MATERIAL TO PROCESS Block Start

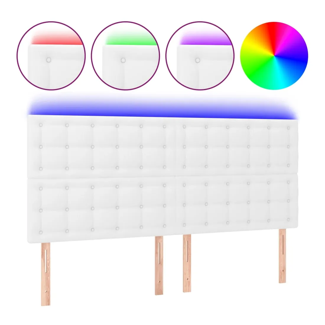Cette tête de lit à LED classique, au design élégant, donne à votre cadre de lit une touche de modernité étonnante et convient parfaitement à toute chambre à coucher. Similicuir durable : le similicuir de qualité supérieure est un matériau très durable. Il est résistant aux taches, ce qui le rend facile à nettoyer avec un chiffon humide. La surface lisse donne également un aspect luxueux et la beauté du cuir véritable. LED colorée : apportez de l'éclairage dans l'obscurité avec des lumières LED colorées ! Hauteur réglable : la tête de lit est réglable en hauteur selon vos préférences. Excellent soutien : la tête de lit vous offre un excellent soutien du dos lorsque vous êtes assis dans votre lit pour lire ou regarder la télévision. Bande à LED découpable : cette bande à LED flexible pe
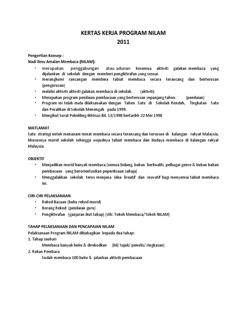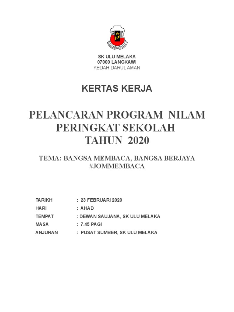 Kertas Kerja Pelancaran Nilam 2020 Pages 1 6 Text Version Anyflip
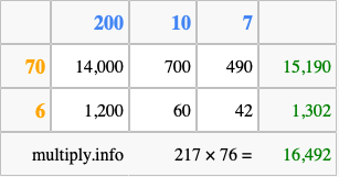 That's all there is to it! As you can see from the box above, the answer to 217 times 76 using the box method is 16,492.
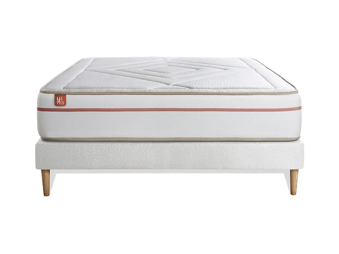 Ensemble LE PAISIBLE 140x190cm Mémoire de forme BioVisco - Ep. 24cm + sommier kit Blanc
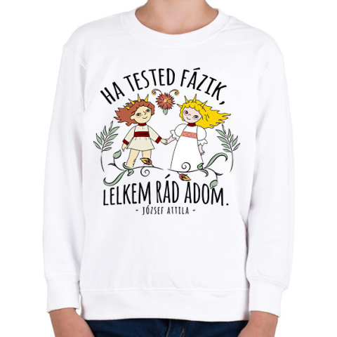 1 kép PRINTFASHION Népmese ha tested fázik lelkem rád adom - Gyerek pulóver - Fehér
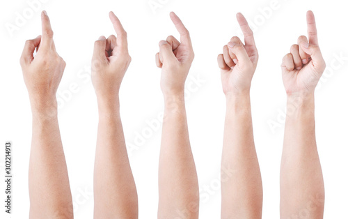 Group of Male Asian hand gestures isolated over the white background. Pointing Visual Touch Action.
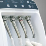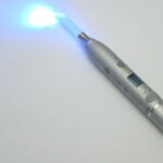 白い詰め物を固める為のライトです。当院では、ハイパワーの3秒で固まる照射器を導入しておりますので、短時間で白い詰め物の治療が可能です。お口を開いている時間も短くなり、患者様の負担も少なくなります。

MATERIAL TO PROCESS Block End
MATERIAL TO PROCESS Block Start

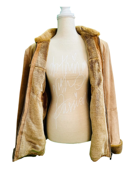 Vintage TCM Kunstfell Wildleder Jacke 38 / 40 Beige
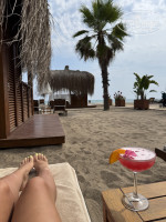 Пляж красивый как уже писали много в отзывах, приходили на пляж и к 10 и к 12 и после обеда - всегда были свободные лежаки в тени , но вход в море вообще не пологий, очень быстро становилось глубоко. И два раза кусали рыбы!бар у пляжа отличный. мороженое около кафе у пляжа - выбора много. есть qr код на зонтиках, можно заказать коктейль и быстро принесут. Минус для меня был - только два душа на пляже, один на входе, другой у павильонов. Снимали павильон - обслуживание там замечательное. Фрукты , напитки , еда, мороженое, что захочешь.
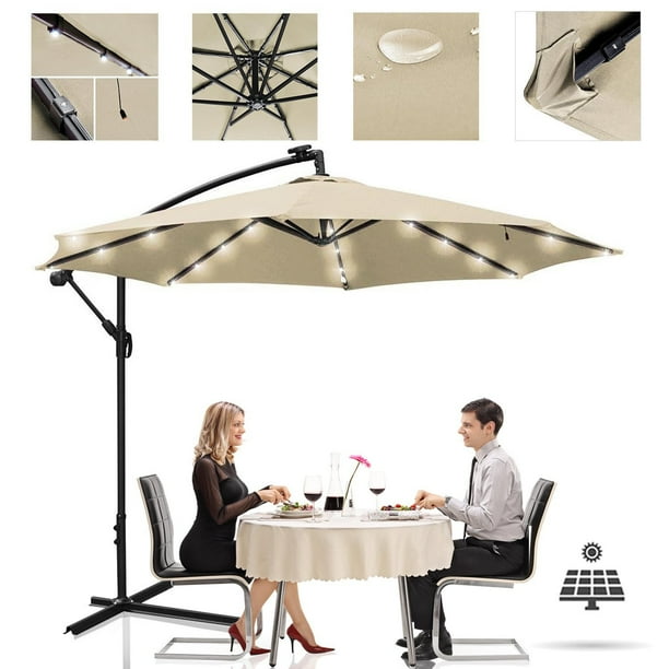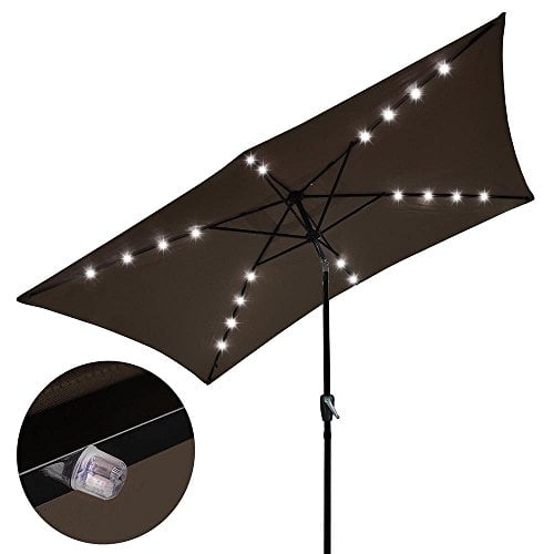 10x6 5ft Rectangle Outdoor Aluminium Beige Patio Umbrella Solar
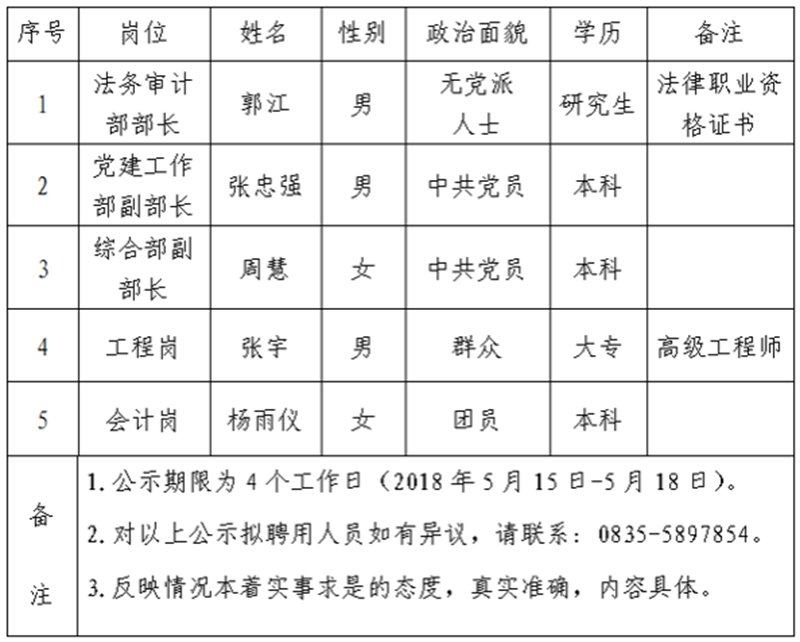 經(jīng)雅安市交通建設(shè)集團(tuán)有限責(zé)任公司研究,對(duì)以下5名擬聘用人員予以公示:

MATERIAL TO PROCESS Block End

* **EXERCISE INSTRUCTIONS**
Print, word for word, the lines above that run from the line containing "Cette tête de" to the line containing "白い詰め物を固める為のライト", both included. Keep the pictures out.

* **EXERCISE RESULT**
Cette tête de lit à LED classique, au design élégant, donne à votre cadre de lit une touche de modernité étonnante et convient parfaitement à toute chambre à coucher. Similicuir durable : le similicuir de qualité supérieure est un matériau très durable. Il est résistant aux taches, ce qui le rend facile à nettoyer avec un chiffon humide. La surface lisse donne également un aspect luxueux et la beauté du cuir véritable. LED colorée : apportez de l'éclairage dans l'obscurité avec des lumières LED colorées ! Hauteur réglable : la tête de lit est réglable en hauteur selon vos préférences. Excellent soutien : la tête de lit vous offre un excellent soutien du dos lorsque vous êtes assis dans votre lit pour lire ou regarder la télévision. Bande à LED découpable : cette bande à LED flexible pe
 Kertas Kerja Pelancaran Nilam 2020 Pages 1 6 Text Version Anyflip
 That's all there is to it! As you can see from the box above, the answer to 217 times 76 using the box method is 16,492.
 Ensemble LE PAISIBLE 140x190cm Mémoire de forme BioVisco - Ep. 24cm + sommier kit Blanc
 1 kép PRINTFASHION Népmese ha tested fázik lelkem rád adom - Gyerek pulóver - Fehér
 Group of Male Asian hand gestures isolated over the white background. Pointing Visual Touch Action.
 白い詰め物を固める為のライトです。当院では、ハイパワーの3秒で固まる照射器を導入しておりますので、短時間で白い詰め物の治療が可能です。お口を開いている時間も短くなり、患者様の負担も少なくなります。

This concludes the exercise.